--- Given information ---

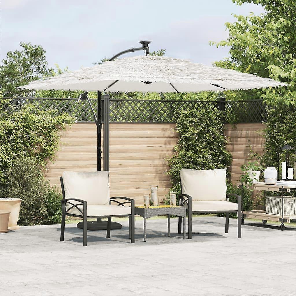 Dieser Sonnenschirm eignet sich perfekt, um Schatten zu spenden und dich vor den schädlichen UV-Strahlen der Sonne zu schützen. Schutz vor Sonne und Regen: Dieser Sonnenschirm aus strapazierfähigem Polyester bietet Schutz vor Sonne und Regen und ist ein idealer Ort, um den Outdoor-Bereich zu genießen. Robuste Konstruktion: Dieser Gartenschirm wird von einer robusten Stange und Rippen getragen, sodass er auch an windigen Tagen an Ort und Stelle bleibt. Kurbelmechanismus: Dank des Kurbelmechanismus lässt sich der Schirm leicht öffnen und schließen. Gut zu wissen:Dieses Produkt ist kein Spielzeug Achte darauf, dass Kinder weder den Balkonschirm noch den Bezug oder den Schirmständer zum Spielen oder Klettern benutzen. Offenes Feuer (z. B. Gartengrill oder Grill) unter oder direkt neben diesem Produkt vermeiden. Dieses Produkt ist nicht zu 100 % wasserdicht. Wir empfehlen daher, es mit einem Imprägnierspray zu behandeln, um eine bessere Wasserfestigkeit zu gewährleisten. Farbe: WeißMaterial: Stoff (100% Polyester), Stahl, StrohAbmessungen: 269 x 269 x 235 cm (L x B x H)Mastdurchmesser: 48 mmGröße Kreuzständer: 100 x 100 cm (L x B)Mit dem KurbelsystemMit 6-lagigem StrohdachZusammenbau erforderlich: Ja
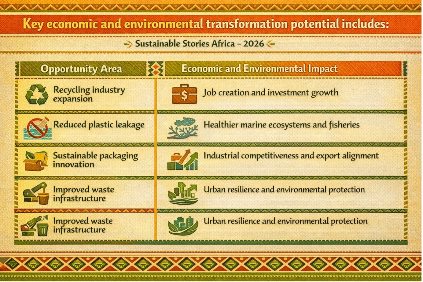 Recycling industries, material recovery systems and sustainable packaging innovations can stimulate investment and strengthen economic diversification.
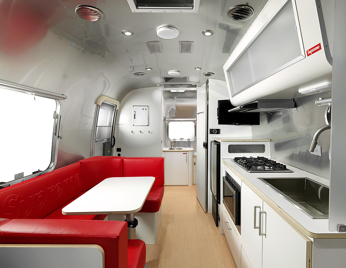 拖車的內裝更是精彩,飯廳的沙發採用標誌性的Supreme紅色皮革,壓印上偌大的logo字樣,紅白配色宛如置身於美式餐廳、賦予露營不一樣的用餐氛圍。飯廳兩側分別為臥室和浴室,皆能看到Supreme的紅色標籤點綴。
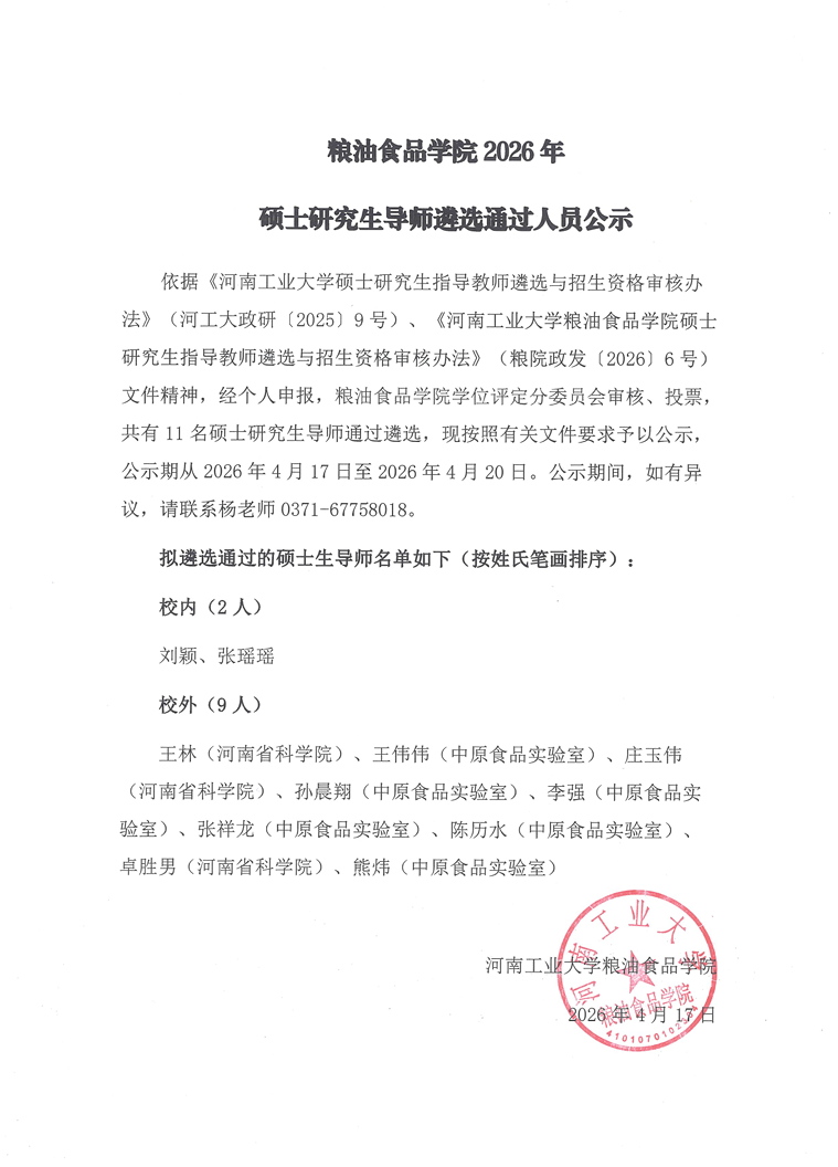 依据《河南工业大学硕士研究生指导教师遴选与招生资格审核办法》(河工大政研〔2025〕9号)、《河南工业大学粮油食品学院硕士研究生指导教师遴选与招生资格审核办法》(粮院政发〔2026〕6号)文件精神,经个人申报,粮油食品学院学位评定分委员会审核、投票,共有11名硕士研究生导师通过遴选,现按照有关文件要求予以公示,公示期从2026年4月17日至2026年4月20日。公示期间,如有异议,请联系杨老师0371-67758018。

---

• **The task**: Do not include the pictures. Quote only the lines from the line with "拖車的內裝更是精彩,飯廳的沙" through the end of the material, both ends included, exactly.

• **Exercise output**:
 拖車的內裝更是精彩,飯廳的沙發採用標誌性的Supreme紅色皮革,壓印上偌大的logo字樣,紅白配色宛如置身於美式餐廳、賦予露營不一樣的用餐氛圍。飯廳兩側分別為臥室和浴室,皆能看到Supreme的紅色標籤點綴。
 依据《河南工业大学硕士研究生指导教师遴选与招生资格审核办法》(河工大政研〔2025〕9号)、《河南工业大学粮油食品学院硕士研究生指导教师遴选与招生资格审核办法》(粮院政发〔2026〕6号)文件精神,经个人申报,粮油食品学院学位评定分委员会审核、投票,共有11名硕士研究生导师通过遴选,现按照有关文件要求予以公示,公示期从2026年4月17日至2026年4月20日。公示期间,如有异议,请联系杨老师0371-67758018。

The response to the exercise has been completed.